SECOND QUARTER GDP HOBBLES STERLING
Investors are still nervous about sterling after Britain’s economy shrank by more than expected in the second quarter of the year. Canadian interest rates remain steady for another month.
Sterling continued last week’s downward trek at roughly the same pace. With minor variations it headed southeast from $1.82 on Monday to $1.7750 on Friday. A bounce this morning took it to $1.7850 in time for London’s opening.
The FX market was not alone in feeling the stultifying effects of the summer slowdown. Price movements were either dampened by lack of interest or intensified by lack of liquidity. Sterling did not have a particularly easy run. The week began with news that Treasury revenues fell by more than £30 billion in the last tax year. Expenditure had clearly gone up so investors were left to fret about what the government was going to do about the mismatch.
Wednesday’s Monetary Policy Committee’s minutes failed to provide sterling bears with any ammunition. There was no hint that the Bank of England would extend its Asset Purchase scheme – “printing money” as some would have it – beyond the £150 billion already earmarked. Even the last £25 billion of that is not yet committed to the programme.
That revelation was good for sterling, as was the following day’s retail sales figure for June. Sales were up by 1.2% on the month and 3% higher than a year earlier. It was a different story on Friday, however. Every three months the Office of National Statistics correlates all the available information to see how the British economy as a whole has performed. For the first three months of the year investors already knew that Gross Domestic Product shrank by -2.4%. They were expecting the first estimate of second quarter GDP (it will be revised a couple of times before the final figure) to show a much smaller -0.3% contraction. What they got was a -0.8% shrinkage, more than twice the forecast decline. Not surprisingly, sterling took a hit.

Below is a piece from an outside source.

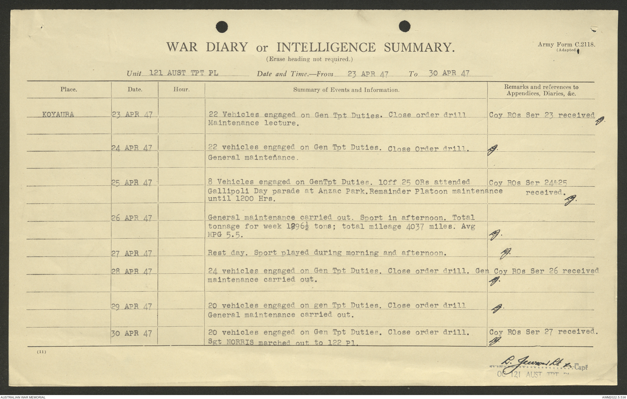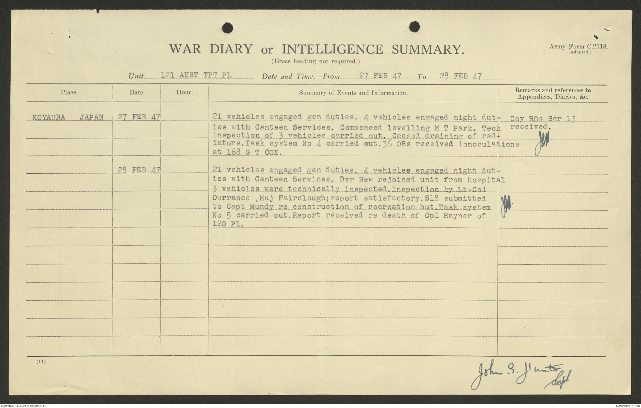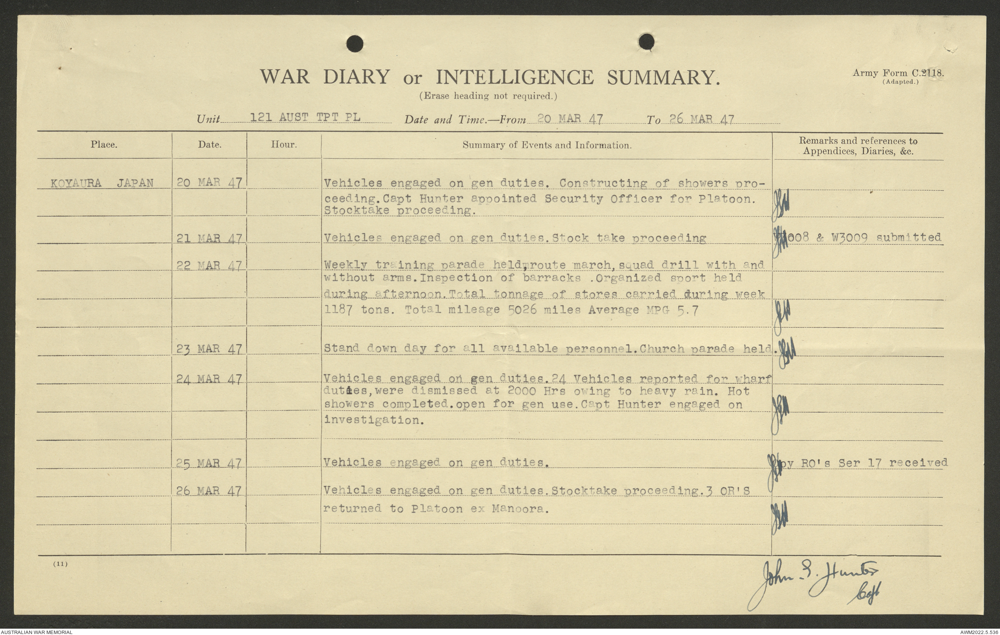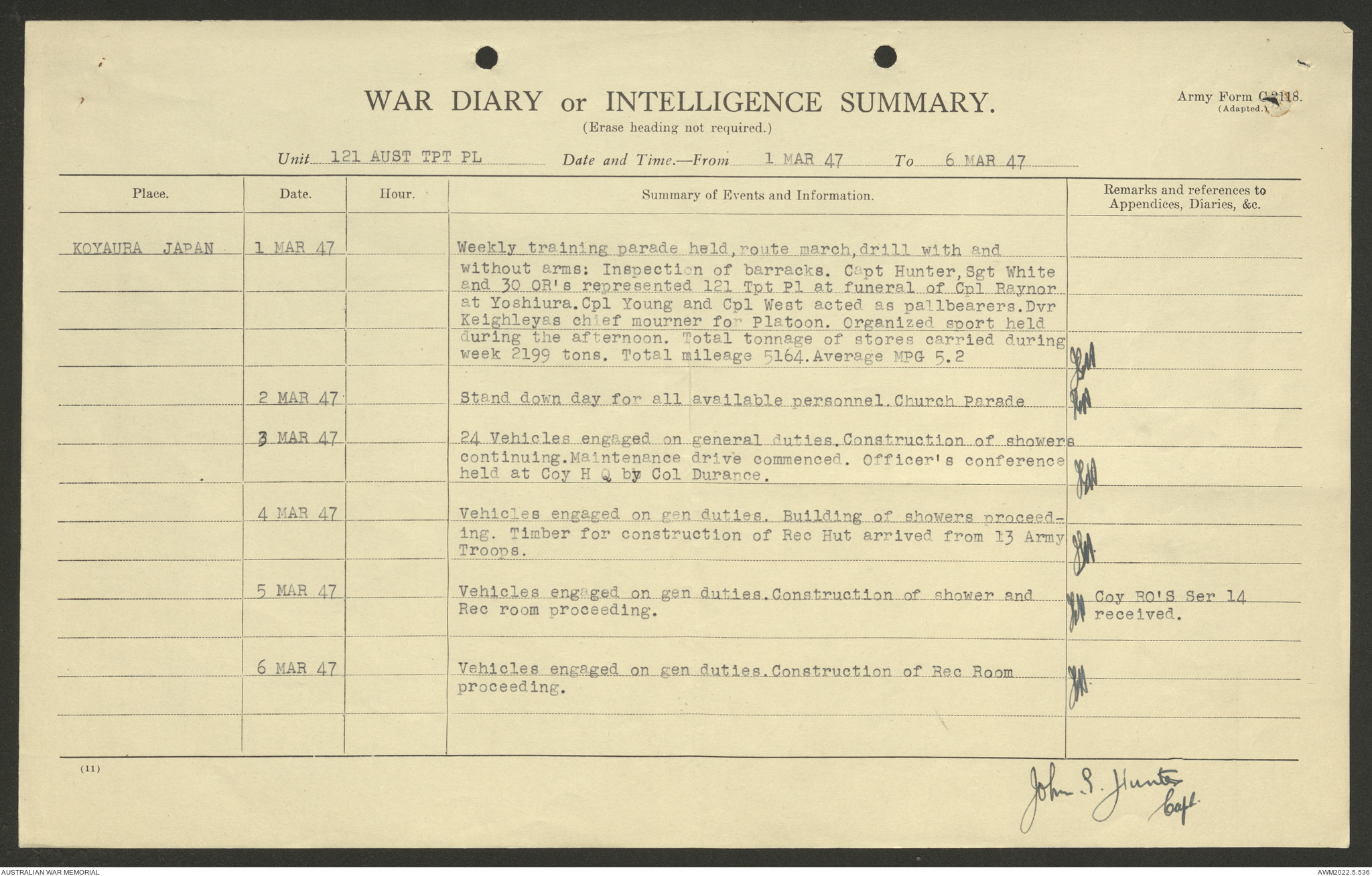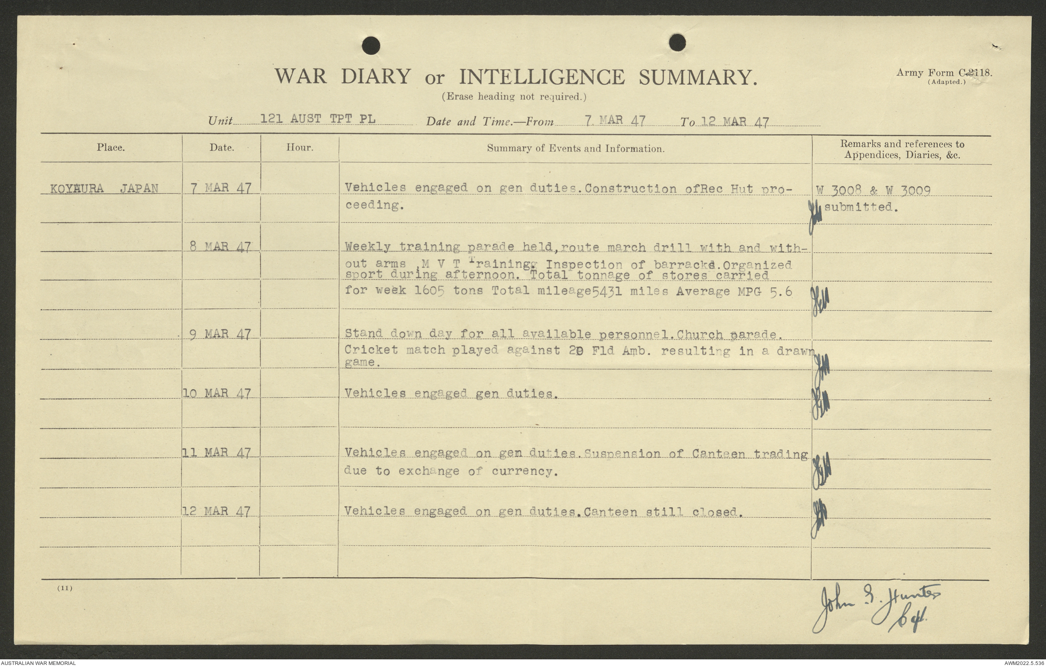 AWM52 10/4/126/7 - [Unit War Diaries, 1939-45 War] 121 Aust. [Australian] Transport Platoon, January - May 1947

Canada was more forthcoming than some others with its supply of data last week but the Loonie’s main driver was the market’s growing appetite for “risk”. The Canadian, New Zealand and Australian dollars all outperformed the pound as investors broadened their net. On the data front Canadian retail sales did better than wholesale sales, rising by 1.2% in the year to may while wholesale sales drifted -0.3% lower. The Bank of Canada did exactly as expected at its monthly meeting, leaving the policy interest rate steady at o,25%.
Still in its recent range of $1.75-$1.85 the pound is going nowhere fast. Having failed to push past $1.92, the pound clearly has no secret reserves of power. The $1.75 support level could well be the next port of call. With sterling well off its highs buyers of the Canadian dollar should protect themselves with a 50% hedge.